According to a recent study, most college students that use Facebook also admitted to lower grade point averages than those who said they did not have an account on the popular social networking site.

It's pretty obvious that most 9-to-5 employers feel Facebook wastes time, decreases productivity, and generally hurts the work ethic of employees. Thus, it's not particularly surprising that this recent Ohio State University study found that of those student participants who used Facebook, grade-point averages (GPA) hovered around 3.0 to 3.5 -- significantly lower than the group who said they didn't touch the time-consuming gossip gallery, ranking between 3.5 and an impressive 4.0 GPA.

Five Hours per Week Studying -- the Rest on Facebook?

A total of 219 students took part in the study, which was recently presented at a major conference on the topic. Although neither the experiment nor its presentation can definitively link Facebook to poor grades, it certainly is highly suggestive.

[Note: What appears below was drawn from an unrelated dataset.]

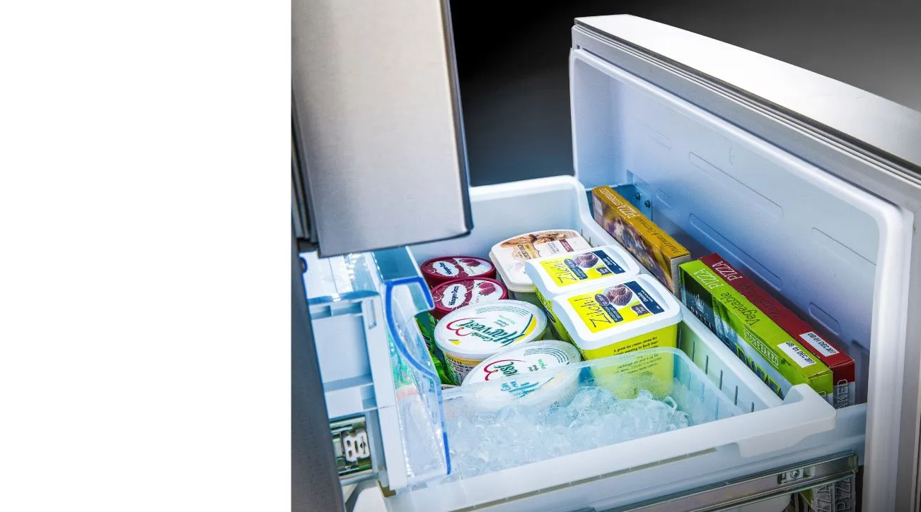 Vo veľkokapacitnom mraziacom priestore nájdete aj miesto na mrazenú pizzu. A vďaka ľahko kĺzavým jazdcom sa zásuvka ľahko vyťahuje, aj keď je plná potravín.

Those who used Facebook admitted they studied only about five hours per week, or roughly one hour per class for most undergraduates. On the other hand, non-users insisted they spent about 11 hours, more than double the time, on their homework.

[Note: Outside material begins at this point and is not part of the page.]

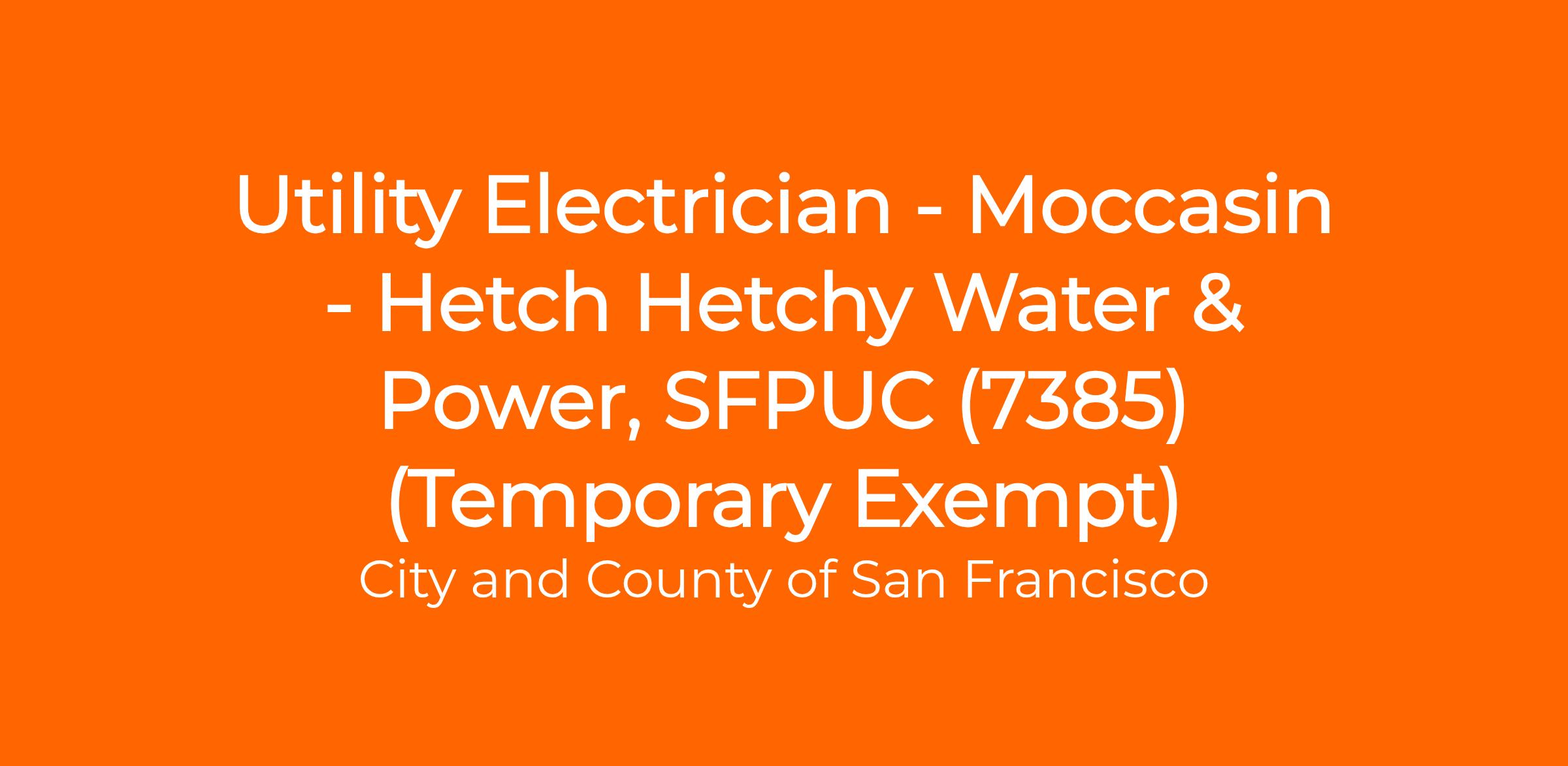Under general supervision, performs inspection, maintenance, repair, installation, and testing of a variety of electrical systems and equipment, up to 600 Volts energized and 601 Volts to 301,000 Volts de-energized, used at the water, wastewater, power, and hydroelectrical facilities of the San Francisco Public Utilities Commission.

The problem is, it's difficult to determine if Facebook users are quasi-determined in their school work prior to signing up for an account, or as a result of all their time online. The graduate students who compiled the research, including Aryn Karpinski and Adam Duberstein, say they can't draw specific conclusions from their study.

"It cannot be stated... Facebook use causes a student to study less," they admitted. However, Karpinski went on to say that, "they're related somehow, and we need to look into it further." (Source: usatoday.com)

Does Facebook Help or Hinder Academic Work?

79 per cent of users in the study say that Facebook doesn't have an impact on their grades, and some even suggest that Facebook can help by getting students to communicate with one another quickly and easily. (Source: computerworld.com)

From personal experience, most of graduate students I know admit that Facebook is a time-consuming problem. The more serious doctoral students have told me they've discontinued their accounts entirely in order to make progress on their dissertations, while others make sure to avoid logging in while working on an important assignment.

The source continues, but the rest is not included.